Nigeria’s latest inflation report which recorded a decline in July 2024 is generating mixed reactions.
This is as Nigerians have decried that the figure does not reflect everyday market realities.
Recall that on Thursday last week, the National Bureau of Statistics consumers price Index and Inflation data for July indicated that the country’s headline and food inflation declined to 33.40 percent and 39.53 percent from 34.14 percent and 40.87 percent, respectively, in June 2024.
This represents a 0.79 percent decline in core inflation compared to the 34.19 percent recorded in June 2024. Like core inflation, Nigeria’s food inflation dropped on a month-on-month basis to 2.47 percent in July from 2.55 percent.
The development sent a shockwave in the economy because this is the first time Nigeria’s inflation has recorded a decline since December 2022 when it stood at 21.34 percent.
The development comes after a series of monetary and fiscal interventions by the government.

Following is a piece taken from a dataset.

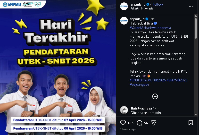 “Ini saatnya! Hari terakhir untuk menyelesaikan pendaftaran UTBK-SNBT 2026. Jangan sampai terlewat kesempatan penting ini,” tulis keterangan resmi tersebut.

Recall that the Central Bank Nigeria in its latest Monetary Policy Committee meeting further raised the interest rate to 26.75 percent to tackle inflation.
Similarly, the government recently began the commencement of zero import duty waiver for staple foods such as husked brown rice, grain, sorghum, millet, maize, wheat and beans as measures to tackle rising food prices.
Meanwhile, according to a market survey by DAILY POST, a 50-kilogram bag of rice (local rice) stood between N78,000 to N85,000, a mudu of beans (white and red), N2,800 and N3,400, garri between N1300 to N1600, Dustin Basket Tomatoes and Pepper, N6000 and N9000, 1kg of frozen chicken, N4,500, Indomie super pack, N12,500, 1 liter red and groundnut oil N1200 and N1800, five big tubers of yam, N10,000 to N16,000.
“Apart from yam prices that came down because this is harvest season, every other food item continued to witness price increase”, a trader in Dutse Market, Mrs. Caroline Usman told DAILY POST.
Reacting to the latest inflation figure, financial experts have explained why there is a disconnect between the National Bureau of Statistics’ inflation data and market realities.
They made this known in different interviews with DAILY POST on Monday.
Speaking exclusively to DAILY POST on Monday, the Executive Director of the Centre for the Promotion of Private Enterprise, Muda Yusuf clarified that a decrease in inflation doesn’t imply a price reduction, rather it means a decrease in the rate of increase.
According to him, the Nigerian government must deal decisively with the instability in the foreign exchange market, energy cost, trade cost and insecurity to bring down inflation.
“First, we need to be clear about the concept of inflation. A decrease in inflation doesn’t imply a price reduction but rather a decrease in the rate of increase.
“For instance, if there is a price increase of N10 in July on a particular product and in July, it is N5, that is a decrease in Inflation.
“Inflation is about measuring the rate of price increase. You talk about price reduction when referring to deflation.
“There is this general misconception among many people that once they hear that there is a decline in inflation, they feel that what the report says is that the price of goods and services has reduced.
“It is the nature of prices to come up while some come down. Inflation is about the general price level.
“There is a big array of products in the inflation basket. Of course, the one that has the most weight is food inflation. To reduce the inflationary pressures we need to examine the key drivers.
“The three major drivers are the exchange rate situation; if we can strengthen the exchange rate, and energy cost, which has driven the cost of production, operation and logistics, prices will come down.
“From the cost-push perspective, energy cost is very important. If we bring down the cost of energy, moderation is possible. We can achieve this if you reduce import dependence on fuel.
“If we can refine it domestically, if the government sells crude to Dangote Refinery and other refineries in Naira, costs will be the driver of inflation.
“Lastly, insecurity; the food crisis has been largely attributed to food insecurity”, he told DAILY POST.
On his part, a financial analyst and the Chief Executive Officer of SD & D Capital Management, Gbolade Idakolo said despite the decline in inflation, Nigeria’s economic environment was still very tense.
He noted that the government should come up with policies that impact the ordinary citizen directly resulting in a reduction in cost-of-living.
“The NBS data showing core and food inflation reducing in July 2024 is partly due to aggressive policies of the government that are gradually taking shape.
“However, seasonal factors affected a decline in food inflation which saw the prices of major food items.